TRY IT » Return the records from the first line through the line containing "Late 50s/ Early", and leave out the pictures.

Items from a data source »

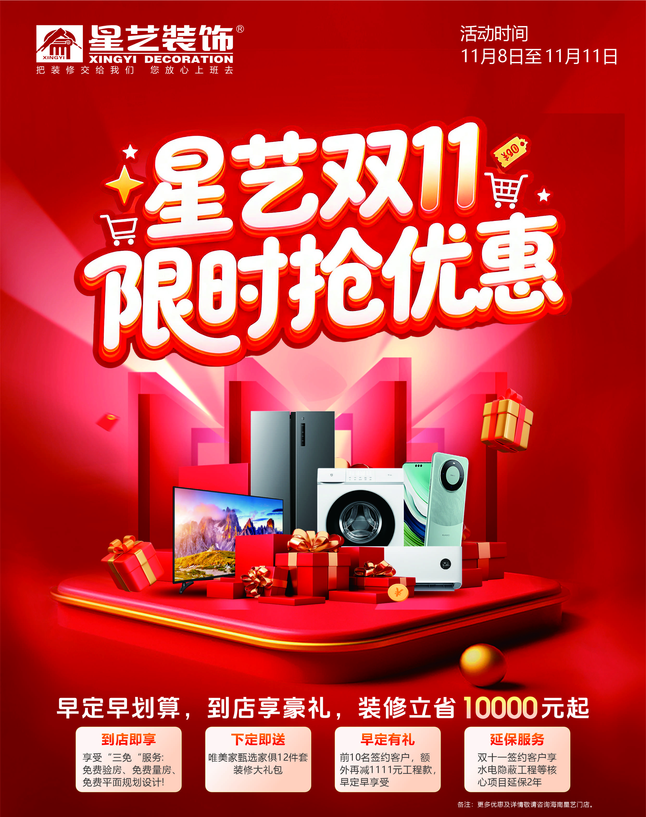 在這個(gè)雙十一,讓我們拋開(kāi)繁雜的購(gòu)物選擇,專注于打造一個(gè)真正屬于您的溫馨家園。星藝裝飾愿以34年的專業(yè)積淀,為您構(gòu)筑理想中的生活空間,讓家的溫暖,從此開(kāi)始。
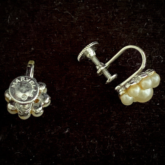 Late 50s/ Early 60s Marvella Pearl & Rhinestone Earrings
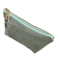 Kaki Farbenes Etui aus weichem Leder, ideal für Geld, Kosmetik, Schreibwaren oder Kleinkram. Der goldene, breite Reißverschluss liegt auf türkisfarbenem Baumwollband und wird durch einen Medusa-Design Anhänger dezent akzentuiert. Das Täschchen ist mit grau-weiss gepunkteten Innenstoff gefüttert. Innen befinden sich zwei Kreditkartenfächer, um Karten übersichtlich zu sortieren. Vielseitig einsetzbar – als kleines Organizer-Täschchen für unterwegs, Schmink- oder Stifteetui oder einfache Aufbewahrung für Kleinteile.
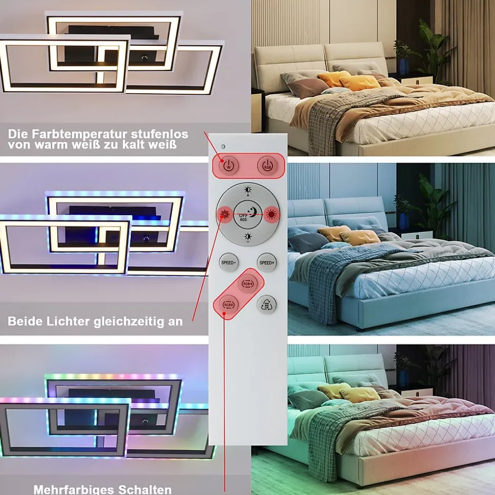 【Design RVB + CCT】 : Ajoutez une touche élégante à votre intérieur avec ce plafonnier LED 45 W de haute qualité et son design géométrique élégant. Utilisez la télécommande pour régler l’éclairage selon vos préférences personnelles. Grâce au matériau avancé de la puce LED, cette lampe est économe en énergie et a une durée de vie allant jusqu’à 25 000 heures. Profitez d’une joie durable grâce à ce plafonnier.【Technologie CCT dimmable】Grâce à la technologie CCT, vous pouvez choisir entre les couleurs de lumière blanc chaud, blanc neutre et blanc froid (3000K à 6000K) avec ce plafonnier et ainsi choisir la couleur de lumière parfaite pour vos besoins. Profitez de réglages d’éclairage confortables selon vos souhaits.【Mode RVB】 : le plafonnier LED à intensité variable offre une variété de modes d’éclairage. Choisissez parmi 13 couleurs ou activez le mode cycle pour un changement de couleur continu. Avec la télécommande, vous pouvez arrêter, démarrer, accélérer ou ralentir l’anneau lumineux pour créer l’atmosphère que vous souhaitez. Ce plafonnier LED permet des réglages d’éclairage polyvalents.【Détails techniques】 Taille totale : 54*34*9 cm ; Tension : 230 V ; Puissance : 45 W ; Intensité variable : oui ; Changement de couleur : oui ; Abat-jour rotatif : oui ; Classe de protection : IP20 ; Matériau : métal et plastique ; Les ampoules LED sont installées de manière permanente et une bonne efficacité énergétique peut être garantie grâce à la technologie LED. La durée de vie est de 25 000 heures.【Service client】 Nous vous offrons une garantie d’achat de 2 ans pour notre éclairage. Notre service client est aussi unique que le design contemporain de nos lampes. Nous attachons une grande importance à la qualité et sommes toujours là pour vous. Si vous avez des questions, n’hésitez pas à nous contacter. Votre satisfaction est notre préoccupation.
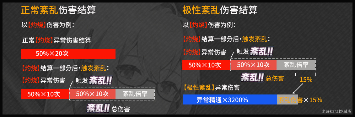 紊乱伤害是对不同类型的异常属性伤害在未结算完之前覆盖时伤害补正,避免异常伤害因其他异常属性伤害覆盖后的伤害丢失;以灼烧伤害结算为例作为简单理解:
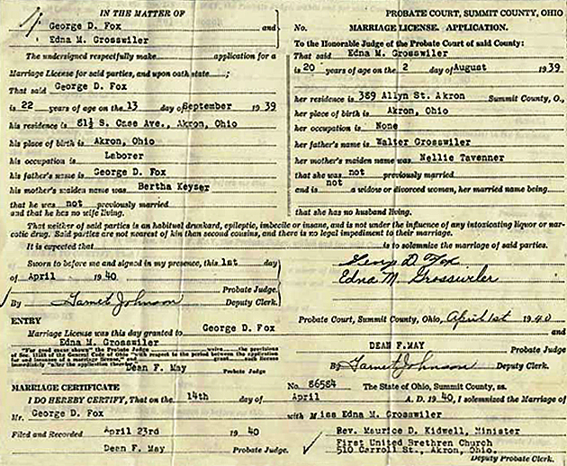 Marriage License and Certificate, Summit County, Ohio Marriage License and Minister's Certificate of George D. Fox and Edna Marie Grosswiler. Dated on 1 April 1940. Marriage performed on 14 April 1940 by Minister Maurice D. Kidwell, First United Brethern Church, Akron, Ohio. (Image contributed by Harry Fox) |

SOLUTION FOR THIS PROBLEM »
 在這個(gè)雙十一,讓我們拋開(kāi)繁雜的購(gòu)物選擇,專注于打造一個(gè)真正屬于您的溫馨家園。星藝裝飾愿以34年的專業(yè)積淀,為您構(gòu)筑理想中的生活空間,讓家的溫暖,從此開(kāi)始。
 Late 50s/ Early 60s Marvella Pearl & Rhinestone Earrings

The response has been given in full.